В радостном возбуждении Веснин разбирал вакуумную установку и прилаживал ее отдельные части наново.

Муравейский некоторое время наблюдал за работой Веснина, потом снял пиджак и надел халат.

— Я понял, что вы хотите сделать, но еще лучше будет — собрать установку совсем по-иному. Я это все организую. А вы поужинайте и ложитесь спать. К Крылову вам надо явиться в полном блеске юности и красоты. Говорят, он сам всегда очень подтянут. А вы иногда забываете побриться. Думается, что для такого дня…

— И подстригусь, и завьюсь, могу и брови покрасить, — ответил Веснин, продолжая распаивать соединения.

Вначале Михаил Григорьевич имел намерение пойти вместе с Весниным, но когда уже записался на прием, то переменил свое намерение. Он вспомнил, что Крылов знаком с техническим директором завода Константином Ивановичем Студенецким.

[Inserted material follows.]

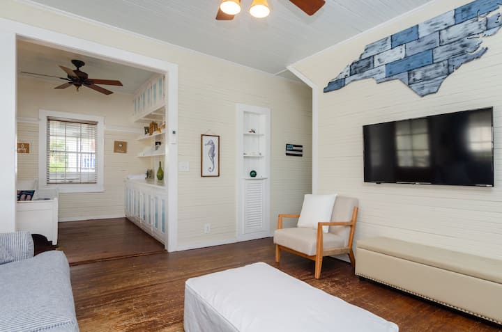 „Good Ole Waves” daleko je najljepša seoska kućica na plaži Carolina Beach. Ova šarmantna vila izgrađena je 1930-ih godina i odlikuju je klasična cedrovina, bezvremenski karakter i udobnost kao u vlastitom domu. Od udobnog interijera do ugodnog trijema, zatvorene bočne verande i sunčane stražnje terase, ova se seoska kuća nudi sve što vam je potrebno za nezaboravan i ugodan boravak.

Студенецкий в ближайшие дни вернется из-за границы и, по всей вероятности, сделает визиты некоторым из своих знакомых. Вполне возможно, что он встретится с Крыловым. И вдруг Алексей Николаевич скажет, между прочим, Константину Ивановичу: «У меня были инженеры вашего завода Муравейский и Веснин. Это какие-то высокочастотные акробаты, прожектеры высокого напряжения…»

Медики утверждают, что люди с сильно развитым воображением чаще других бывают трусливы. Представив себе вышеописанную сцену и выражение лица Студенецкого, который о магнетроне еще ничего не знает, Муравейский решил, что будет удобнее, если к Крылову пойдет один Веснин.

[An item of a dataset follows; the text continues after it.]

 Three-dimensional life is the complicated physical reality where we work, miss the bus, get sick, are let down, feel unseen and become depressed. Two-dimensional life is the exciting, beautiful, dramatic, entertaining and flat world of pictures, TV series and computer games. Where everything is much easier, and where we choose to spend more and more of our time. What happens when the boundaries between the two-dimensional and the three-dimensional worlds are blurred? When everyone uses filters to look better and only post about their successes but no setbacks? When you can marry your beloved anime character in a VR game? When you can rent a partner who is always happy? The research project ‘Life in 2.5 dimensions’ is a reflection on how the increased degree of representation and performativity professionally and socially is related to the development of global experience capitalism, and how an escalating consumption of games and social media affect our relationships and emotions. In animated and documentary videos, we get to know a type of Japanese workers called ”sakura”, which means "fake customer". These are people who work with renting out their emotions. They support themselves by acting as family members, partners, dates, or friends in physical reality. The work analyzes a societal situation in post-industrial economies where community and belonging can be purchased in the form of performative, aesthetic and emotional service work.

Веснин боялся опоздать к назначенному часу и пришел задолго до начала приема. Таким образом, благодаря этой случайности у него первый раз с того времени, как он занялся магнетроном, оказался ничем не загруженный час в середине рабочего дня.

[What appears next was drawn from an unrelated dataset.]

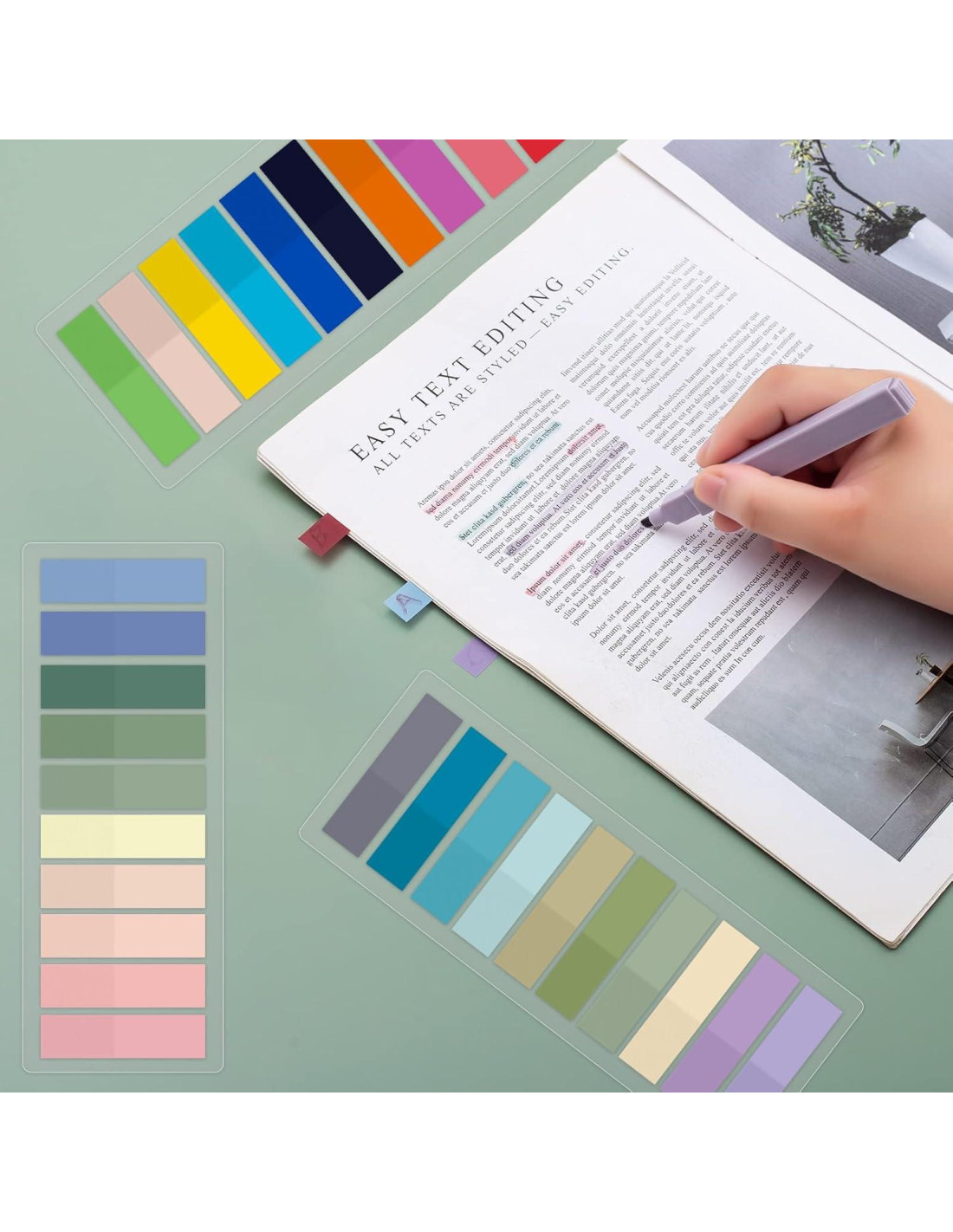 - [Tamaño y Cantidad] Nuestras Pestañas Adhesivas Morandi Transparentes miden 4.39 * 1.09 pulgadas (11.14 * 2.77 cm) y vienen con 2400 hojas. Estas pestañas adhesivas compactas y convenientes están diseñadas para integrarse sin problemas en tu vida diaria. Ya sea que estés organizando tus notas, marcando páginas importantes en un libro o dejando recordatorios para colegas, estas pestañas adhesivas son el tamaño perfecto para cualquier tarea. Con 12 juegos en un paquete, tendrás suficiente para todas tus notas adhesivas, suministros escolares y necesidades de notas adhesivas.

Веснин подсел к небольшому столу у окна. На столе стоял чернильный прибор, лежала стопа писчей бумаги, ручки с разнообразными перьями торчали букетом из серебряного стакана. Некоторое время Веснин смирно сидел за этим так хорошо оборудованным для удобства посетителей столом и с опасением смотрел на дверь, которая вела в кабинет академика Крылова.

За большим столом посредине комнаты сидели еще посетители. Один с лихорадочной поспешностью правил объемистую рукопись, переплетенную в красный коленкор. Два моряка тихо, но горячо спорили. Веснин мог расслышать только отдельные слова: «девиация», «параллакс», «дифферент».

Так прошло несколько минут. Дверь в кабинет Крылова все еще оставалась закрытой. Веснин отвлекся от мыслей о предстоящем, возможно очень неприятном, разговоре и решил наконец-то ответить матери на ее письмо, которое он нашел в своем столе по возвращении из Севастополя.

…Ничего нового не произошло, — писал он, пытаясь оправдать свое длительное молчание. — В последнее время я занялся одной работой в области высоких частот, но дело стоит на том же месте, с какого я его начал, то есть ничего пока не сделано ценного. Продолжаю заниматься поисками решения…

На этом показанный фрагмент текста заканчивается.